[RECORDS FOR THE TASK Boundary: Start]
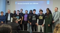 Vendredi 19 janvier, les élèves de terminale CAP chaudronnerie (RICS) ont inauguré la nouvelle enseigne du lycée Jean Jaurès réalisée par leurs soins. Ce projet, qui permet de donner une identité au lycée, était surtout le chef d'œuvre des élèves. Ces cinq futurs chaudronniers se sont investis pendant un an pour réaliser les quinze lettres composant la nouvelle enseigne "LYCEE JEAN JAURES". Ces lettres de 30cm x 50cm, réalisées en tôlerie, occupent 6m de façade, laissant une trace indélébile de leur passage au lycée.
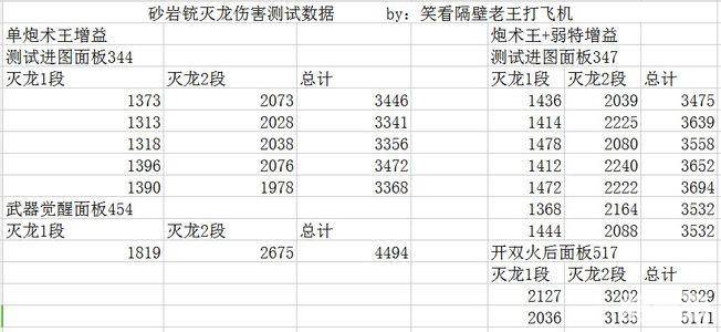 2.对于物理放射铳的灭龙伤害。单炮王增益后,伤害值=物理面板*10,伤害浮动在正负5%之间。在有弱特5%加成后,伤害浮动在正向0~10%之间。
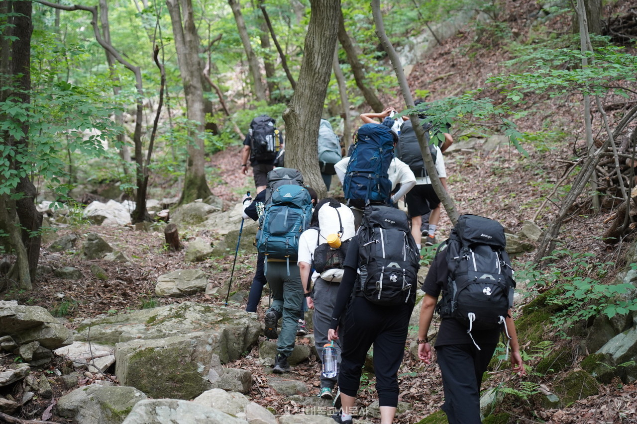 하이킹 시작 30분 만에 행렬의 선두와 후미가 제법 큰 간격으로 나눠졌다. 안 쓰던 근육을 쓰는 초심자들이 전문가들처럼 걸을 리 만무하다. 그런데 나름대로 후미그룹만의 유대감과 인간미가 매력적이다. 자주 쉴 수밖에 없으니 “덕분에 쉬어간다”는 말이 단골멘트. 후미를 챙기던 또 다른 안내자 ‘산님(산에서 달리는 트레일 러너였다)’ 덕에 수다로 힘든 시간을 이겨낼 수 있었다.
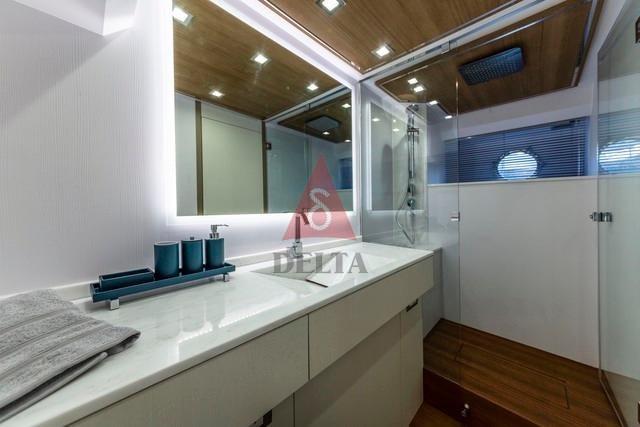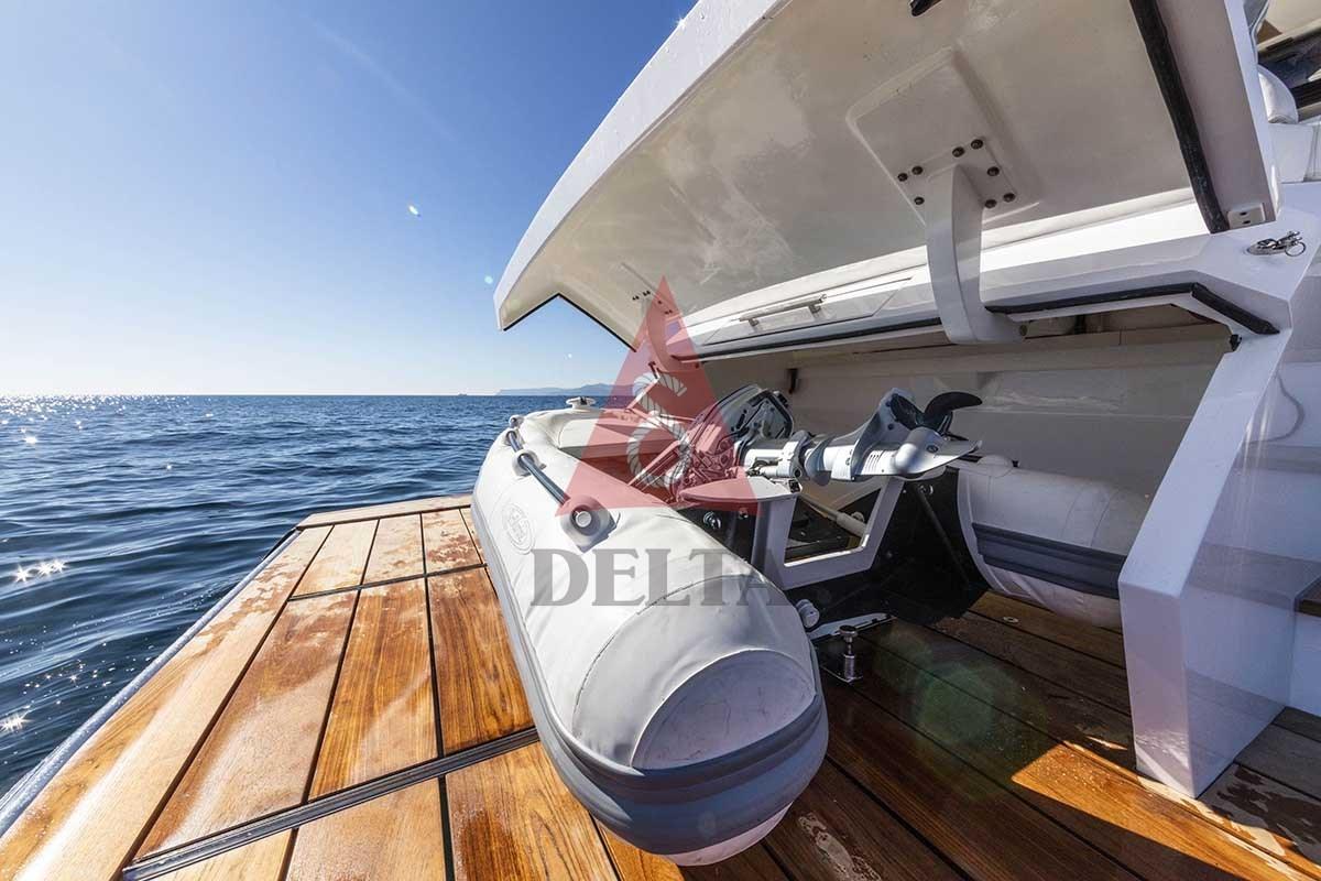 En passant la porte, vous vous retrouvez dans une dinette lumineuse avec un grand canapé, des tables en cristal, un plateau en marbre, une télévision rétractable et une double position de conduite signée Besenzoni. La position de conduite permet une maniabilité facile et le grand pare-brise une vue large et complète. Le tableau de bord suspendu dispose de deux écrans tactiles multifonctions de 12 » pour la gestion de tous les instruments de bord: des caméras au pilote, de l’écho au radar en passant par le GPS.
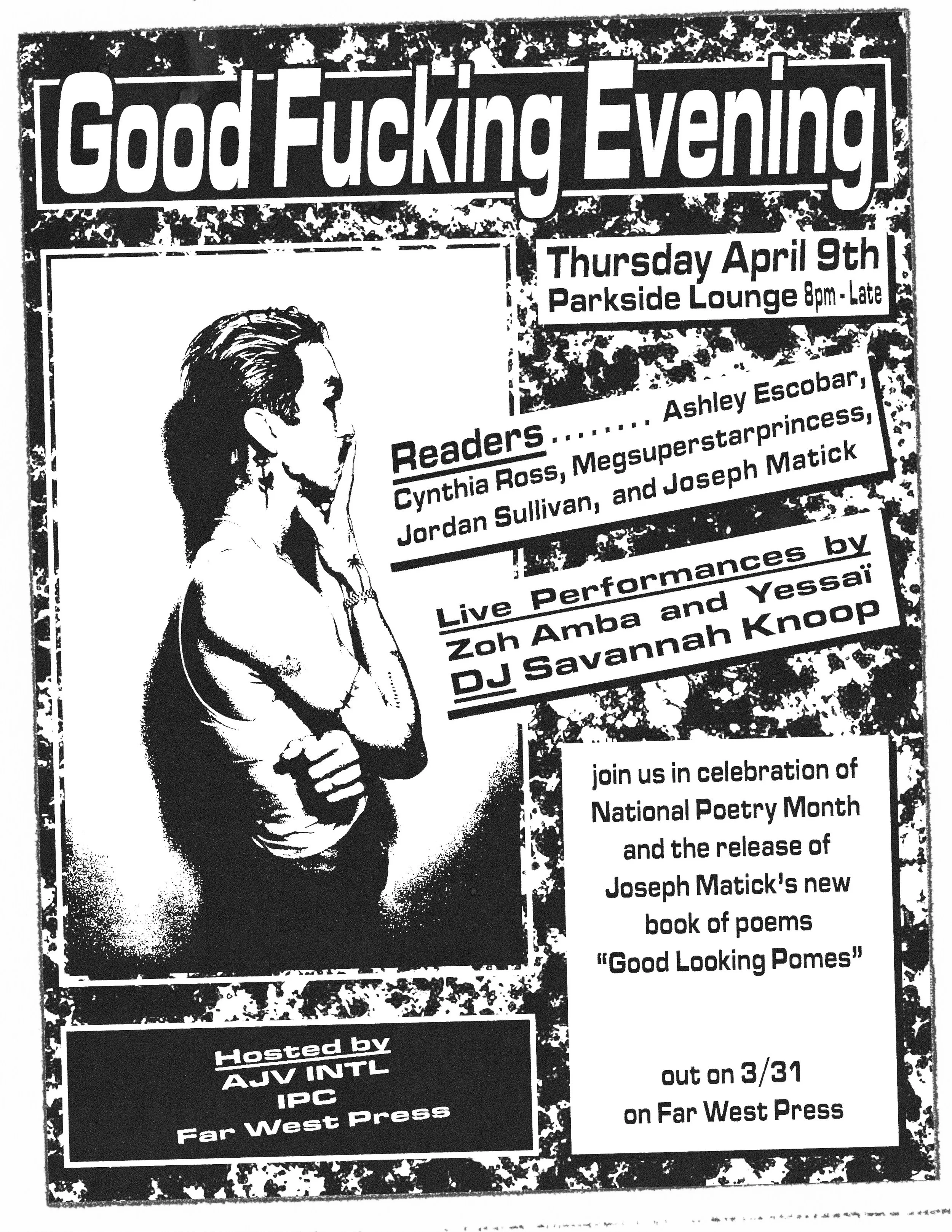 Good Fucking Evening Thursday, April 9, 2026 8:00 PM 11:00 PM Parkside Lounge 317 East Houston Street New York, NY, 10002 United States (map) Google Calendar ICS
[RECORDS FOR THE TASK Boundary: End]
YOUR GOAL ->
Please write out all the data word for word, but keep every picture out.

TASK RESULT ->
 Vendredi 19 janvier, les élèves de terminale CAP chaudronnerie (RICS) ont inauguré la nouvelle enseigne du lycée Jean Jaurès réalisée par leurs soins. Ce projet, qui permet de donner une identité au lycée, était surtout le chef d'œuvre des élèves. Ces cinq futurs chaudronniers se sont investis pendant un an pour réaliser les quinze lettres composant la nouvelle enseigne "LYCEE JEAN JAURES". Ces lettres de 30cm x 50cm, réalisées en tôlerie, occupent 6m de façade, laissant une trace indélébile de leur passage au lycée.
 2.对于物理放射铳的灭龙伤害。单炮王增益后,伤害值=物理面板*10,伤害浮动在正负5%之间。在有弱特5%加成后,伤害浮动在正向0~10%之间。
 하이킹 시작 30분 만에 행렬의 선두와 후미가 제법 큰 간격으로 나눠졌다. 안 쓰던 근육을 쓰는 초심자들이 전문가들처럼 걸을 리 만무하다. 그런데 나름대로 후미그룹만의 유대감과 인간미가 매력적이다. 자주 쉴 수밖에 없으니 “덕분에 쉬어간다”는 말이 단골멘트. 후미를 챙기던 또 다른 안내자 ‘산님(산에서 달리는 트레일 러너였다)’ 덕에 수다로 힘든 시간을 이겨낼 수 있었다.
 En passant la porte, vous vous retrouvez dans une dinette lumineuse avec un grand canapé, des tables en cristal, un plateau en marbre, une télévision rétractable et une double position de conduite signée Besenzoni. La position de conduite permet une maniabilité facile et le grand pare-brise une vue large et complète. Le tableau de bord suspendu dispose de deux écrans tactiles multifonctions de 12 » pour la gestion de tous les instruments de bord: des caméras au pilote, de l’écho au radar en passant par le GPS.
 Good Fucking Evening Thursday, April 9, 2026 8:00 PM 11:00 PM Parkside Lounge 317 East Houston Street New York, NY, 10002 United States (map) Google Calendar ICS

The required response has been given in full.